> [Exercise directions]
Each line from the one with "今日はよろしくお願いします" through the last line of the records must be output exactly, both ends included.

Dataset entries
_ _ _ _ _ _ _

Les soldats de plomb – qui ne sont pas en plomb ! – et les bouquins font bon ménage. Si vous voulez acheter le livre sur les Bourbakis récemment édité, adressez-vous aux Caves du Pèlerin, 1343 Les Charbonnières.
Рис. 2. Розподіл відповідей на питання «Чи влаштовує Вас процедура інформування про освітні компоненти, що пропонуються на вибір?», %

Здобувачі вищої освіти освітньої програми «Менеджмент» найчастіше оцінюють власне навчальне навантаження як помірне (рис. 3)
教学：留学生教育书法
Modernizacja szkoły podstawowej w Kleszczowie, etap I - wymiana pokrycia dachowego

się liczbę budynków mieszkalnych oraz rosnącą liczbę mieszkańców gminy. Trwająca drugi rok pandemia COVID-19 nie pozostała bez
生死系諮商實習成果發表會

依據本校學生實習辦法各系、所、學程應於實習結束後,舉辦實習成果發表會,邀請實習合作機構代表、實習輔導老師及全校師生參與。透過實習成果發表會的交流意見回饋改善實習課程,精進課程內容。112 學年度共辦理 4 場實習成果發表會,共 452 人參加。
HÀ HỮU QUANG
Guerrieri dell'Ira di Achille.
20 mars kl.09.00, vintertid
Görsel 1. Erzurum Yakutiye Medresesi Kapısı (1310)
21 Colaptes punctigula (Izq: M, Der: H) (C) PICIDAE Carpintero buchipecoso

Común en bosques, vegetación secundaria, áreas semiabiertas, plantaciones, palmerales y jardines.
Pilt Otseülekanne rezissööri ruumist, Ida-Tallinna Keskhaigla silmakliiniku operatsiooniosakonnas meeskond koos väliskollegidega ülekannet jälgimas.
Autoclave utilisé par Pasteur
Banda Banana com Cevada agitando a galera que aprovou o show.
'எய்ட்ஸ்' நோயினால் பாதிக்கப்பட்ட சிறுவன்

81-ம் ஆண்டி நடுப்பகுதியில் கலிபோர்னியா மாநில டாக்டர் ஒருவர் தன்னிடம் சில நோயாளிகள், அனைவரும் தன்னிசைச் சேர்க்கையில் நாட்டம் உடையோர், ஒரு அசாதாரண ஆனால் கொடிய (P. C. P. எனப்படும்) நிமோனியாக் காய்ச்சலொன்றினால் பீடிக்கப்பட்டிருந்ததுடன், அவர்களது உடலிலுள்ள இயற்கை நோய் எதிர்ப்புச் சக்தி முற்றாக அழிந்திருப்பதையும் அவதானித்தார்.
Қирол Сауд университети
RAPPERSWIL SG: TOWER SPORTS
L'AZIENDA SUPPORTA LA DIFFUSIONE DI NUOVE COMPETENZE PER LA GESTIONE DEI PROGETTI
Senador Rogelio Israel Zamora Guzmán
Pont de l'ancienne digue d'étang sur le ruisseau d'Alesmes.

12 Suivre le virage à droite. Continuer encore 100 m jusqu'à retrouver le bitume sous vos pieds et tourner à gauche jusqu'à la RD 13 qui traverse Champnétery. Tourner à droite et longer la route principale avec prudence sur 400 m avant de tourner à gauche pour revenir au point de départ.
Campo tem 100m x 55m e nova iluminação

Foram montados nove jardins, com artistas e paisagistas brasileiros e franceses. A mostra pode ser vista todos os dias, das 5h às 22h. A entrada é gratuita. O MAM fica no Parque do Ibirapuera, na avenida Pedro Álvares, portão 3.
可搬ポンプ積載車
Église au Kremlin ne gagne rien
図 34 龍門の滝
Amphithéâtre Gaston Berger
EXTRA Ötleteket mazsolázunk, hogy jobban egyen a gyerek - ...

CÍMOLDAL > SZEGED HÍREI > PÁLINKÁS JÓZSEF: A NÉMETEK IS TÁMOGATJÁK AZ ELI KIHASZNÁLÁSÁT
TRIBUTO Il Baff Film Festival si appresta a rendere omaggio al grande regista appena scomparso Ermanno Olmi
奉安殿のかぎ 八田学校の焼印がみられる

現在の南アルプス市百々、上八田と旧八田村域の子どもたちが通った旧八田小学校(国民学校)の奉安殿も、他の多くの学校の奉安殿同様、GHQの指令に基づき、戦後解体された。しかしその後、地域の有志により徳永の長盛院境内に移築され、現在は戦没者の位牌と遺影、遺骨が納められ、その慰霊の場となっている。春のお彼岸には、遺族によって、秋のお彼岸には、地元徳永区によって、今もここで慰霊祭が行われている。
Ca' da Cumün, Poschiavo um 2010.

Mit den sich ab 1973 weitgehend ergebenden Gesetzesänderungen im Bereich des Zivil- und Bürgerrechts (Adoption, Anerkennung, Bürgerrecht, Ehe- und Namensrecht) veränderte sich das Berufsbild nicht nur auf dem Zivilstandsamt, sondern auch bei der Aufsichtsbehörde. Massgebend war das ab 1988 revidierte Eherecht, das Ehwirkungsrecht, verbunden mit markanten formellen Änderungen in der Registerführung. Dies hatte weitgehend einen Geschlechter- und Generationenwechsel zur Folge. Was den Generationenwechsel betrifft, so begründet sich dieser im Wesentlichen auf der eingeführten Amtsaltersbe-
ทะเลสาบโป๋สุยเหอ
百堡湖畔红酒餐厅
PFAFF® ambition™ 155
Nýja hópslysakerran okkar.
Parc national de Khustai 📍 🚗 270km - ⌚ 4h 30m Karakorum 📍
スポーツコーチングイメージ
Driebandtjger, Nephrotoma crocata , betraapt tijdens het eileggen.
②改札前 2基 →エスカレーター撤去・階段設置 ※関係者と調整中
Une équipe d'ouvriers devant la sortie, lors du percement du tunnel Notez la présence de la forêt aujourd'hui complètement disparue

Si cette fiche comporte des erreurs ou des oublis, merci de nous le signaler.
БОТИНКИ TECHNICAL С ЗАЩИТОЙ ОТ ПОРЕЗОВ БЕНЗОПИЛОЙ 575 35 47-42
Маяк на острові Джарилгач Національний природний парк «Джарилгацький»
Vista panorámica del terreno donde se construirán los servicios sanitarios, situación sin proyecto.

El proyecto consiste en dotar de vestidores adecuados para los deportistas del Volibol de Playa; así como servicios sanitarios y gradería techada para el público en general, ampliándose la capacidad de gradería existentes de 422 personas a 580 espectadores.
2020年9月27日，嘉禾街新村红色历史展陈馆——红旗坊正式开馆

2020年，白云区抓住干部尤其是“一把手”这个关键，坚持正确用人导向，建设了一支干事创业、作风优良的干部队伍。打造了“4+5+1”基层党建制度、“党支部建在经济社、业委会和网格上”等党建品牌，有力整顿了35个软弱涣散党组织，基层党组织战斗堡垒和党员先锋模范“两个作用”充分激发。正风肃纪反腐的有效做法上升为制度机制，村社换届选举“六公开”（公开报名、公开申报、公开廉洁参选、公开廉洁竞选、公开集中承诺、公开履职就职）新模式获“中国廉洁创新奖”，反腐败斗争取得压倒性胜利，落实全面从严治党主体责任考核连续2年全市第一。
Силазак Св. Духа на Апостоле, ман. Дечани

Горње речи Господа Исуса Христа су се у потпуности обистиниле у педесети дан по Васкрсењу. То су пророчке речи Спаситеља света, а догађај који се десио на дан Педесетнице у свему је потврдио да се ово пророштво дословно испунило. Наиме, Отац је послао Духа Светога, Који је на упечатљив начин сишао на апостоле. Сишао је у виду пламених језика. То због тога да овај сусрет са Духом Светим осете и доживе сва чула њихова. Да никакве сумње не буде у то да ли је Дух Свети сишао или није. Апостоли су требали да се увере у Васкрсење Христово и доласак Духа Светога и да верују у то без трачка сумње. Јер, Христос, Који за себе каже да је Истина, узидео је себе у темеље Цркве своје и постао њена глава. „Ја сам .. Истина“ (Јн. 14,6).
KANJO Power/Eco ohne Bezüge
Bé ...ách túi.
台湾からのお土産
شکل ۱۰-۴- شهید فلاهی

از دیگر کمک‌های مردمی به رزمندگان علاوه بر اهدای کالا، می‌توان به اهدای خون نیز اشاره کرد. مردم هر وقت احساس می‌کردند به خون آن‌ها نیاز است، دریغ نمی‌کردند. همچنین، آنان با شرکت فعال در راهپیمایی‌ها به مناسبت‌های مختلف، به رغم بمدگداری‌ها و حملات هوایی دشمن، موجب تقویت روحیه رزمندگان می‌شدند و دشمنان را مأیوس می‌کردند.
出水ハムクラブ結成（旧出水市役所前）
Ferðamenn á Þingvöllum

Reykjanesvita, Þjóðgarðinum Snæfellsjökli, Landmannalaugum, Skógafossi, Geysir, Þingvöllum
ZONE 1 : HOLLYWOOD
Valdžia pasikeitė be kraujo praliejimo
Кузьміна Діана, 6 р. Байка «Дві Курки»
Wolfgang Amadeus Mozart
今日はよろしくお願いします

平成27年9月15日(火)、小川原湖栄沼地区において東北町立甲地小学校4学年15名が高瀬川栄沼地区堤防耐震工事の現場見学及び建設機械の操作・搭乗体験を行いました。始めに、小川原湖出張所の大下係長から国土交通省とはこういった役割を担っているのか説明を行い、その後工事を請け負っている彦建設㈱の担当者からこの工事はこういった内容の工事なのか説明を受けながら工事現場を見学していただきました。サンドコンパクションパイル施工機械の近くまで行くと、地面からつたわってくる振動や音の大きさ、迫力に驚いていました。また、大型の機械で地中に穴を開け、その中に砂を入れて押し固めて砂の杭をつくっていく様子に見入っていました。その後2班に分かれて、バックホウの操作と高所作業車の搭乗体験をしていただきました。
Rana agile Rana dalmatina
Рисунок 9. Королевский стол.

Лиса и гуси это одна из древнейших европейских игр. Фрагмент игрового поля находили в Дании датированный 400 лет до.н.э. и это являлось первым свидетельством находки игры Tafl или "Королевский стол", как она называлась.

_ _ _ _ _ _ _

> [Output of the task]
今日はよろしくお願いします

平成27年9月15日(火)、小川原湖栄沼地区において東北町立甲地小学校4学年15名が高瀬川栄沼地区堤防耐震工事の現場見学及び建設機械の操作・搭乗体験を行いました。始めに、小川原湖出張所の大下係長から国土交通省とはこういった役割を担っているのか説明を行い、その後工事を請け負っている彦建設㈱の担当者からこの工事はこういった内容の工事なのか説明を受けながら工事現場を見学していただきました。サンドコンパクションパイル施工機械の近くまで行くと、地面からつたわってくる振動や音の大きさ、迫力に驚いていました。また、大型の機械で地中に穴を開け、その中に砂を入れて押し固めて砂の杭をつくっていく様子に見入っていました。その後2班に分かれて、バックホウの操作と高所作業車の搭乗体験をしていただきました。
Rana agile Rana dalmatina
Рисунок 9. Королевский стол.

Лиса и гуси это одна из древнейших европейских игр. Фрагмент игрового поля находили в Дании датированный 400 лет до.н.э. и это являлось первым свидетельством находки игры Tafl или "Королевский стол", как она называлась.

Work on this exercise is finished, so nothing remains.